Literally two weeks before I was starting my freshman year, my parents sat me down and told me that they couldn't afford to send me. My father was an architect, my mother was a real estate, and it was 1980 when interest rates hit 18.5%.

So I went out and got a full-time job at the local newspaper. It was the morning paper, so I worked 3 pm to midnight, five days a week. I started out as a copyboy and wound up writing features.

On M-W-F, I literally went to class from 8 am to 2 pm, ate lunch, then worked from three to midnight. On T-Th, I typically had two classes that allowed me to study before going to work at three. For extra fun, I lived at home during my college career.

Then Saturday? Up and at it. Study, read, paper writing, you name it. A good portion of Sunday, too. During summers, I worked a second job to give me some cushion.

The economy improved before my junior year, so my parents could help out some. So I cut back to 24 hours a week. Good thing, too, because I was in the heart of my major by that point.

I graduated on time, made Dean's list four of my eight semesters, and walked off the stage without a dime of student loans to my name.
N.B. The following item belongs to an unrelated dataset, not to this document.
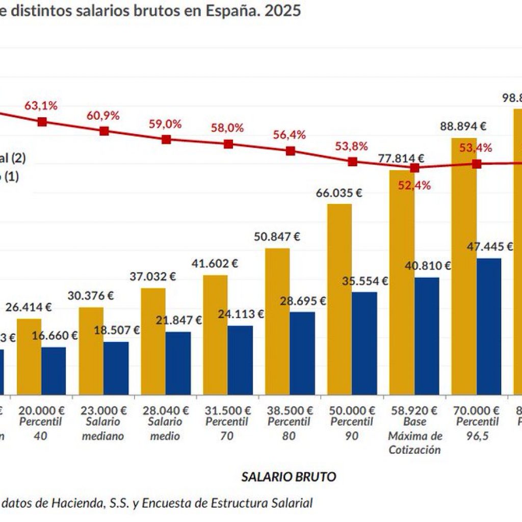 La gráfica, elaborada a partir de datos de Hacienda y la Encuesta de Estructura Salarial, compara el coste laboral con el salario neto para diferentes niveles salariales, y revela un patrón constante: cuanto mayor es el salario bruto, menor es el porcentaje que realmente llega al trabajador. En el caso del salario mediano (23.000 € brutos), el empleado solo percibe 18.507 € netos, quedando un 39% en manos del Estado vía IRPF y cotizaciones. Esta proporción es aún más desfavorable si se tienen en cuenta los impuestos indirectos que afectan a todos los ciudadanos por igual, sin tener en cuenta su renta real.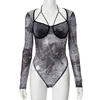CM.YAYA Vintage Women Mesh See Through Print Long Sleeve Strapless Bodysuit 2025 Fall Femalle Sexy Party Streetwear T-shirt Tops

But it was a miserable, grueling four years. I was constantly sick, constantly tired, and had almost no social life. I can count the number of dates I had in college on two hands. I don't recommend the experience to anyone.
I think the OP asks a fair question. I've often wondered the same thing. And your narrative here doesn't explain it. Because if you were taking a full load of classes, there's no way you could cover all the homework and reading by squeezing it in on your light-course-load days, and on weekends. You even say that you didn't study all day Sundays, only "a good portion of Sundays".

Congratulations on putting up with a horrific schedule for those years, but I don't see how you could have done it, unless maybe you had an easy major, but even then, lots of reading is required, as well as research and writing assignments, going to the library, which takes time in itself, just getting to and from, etc.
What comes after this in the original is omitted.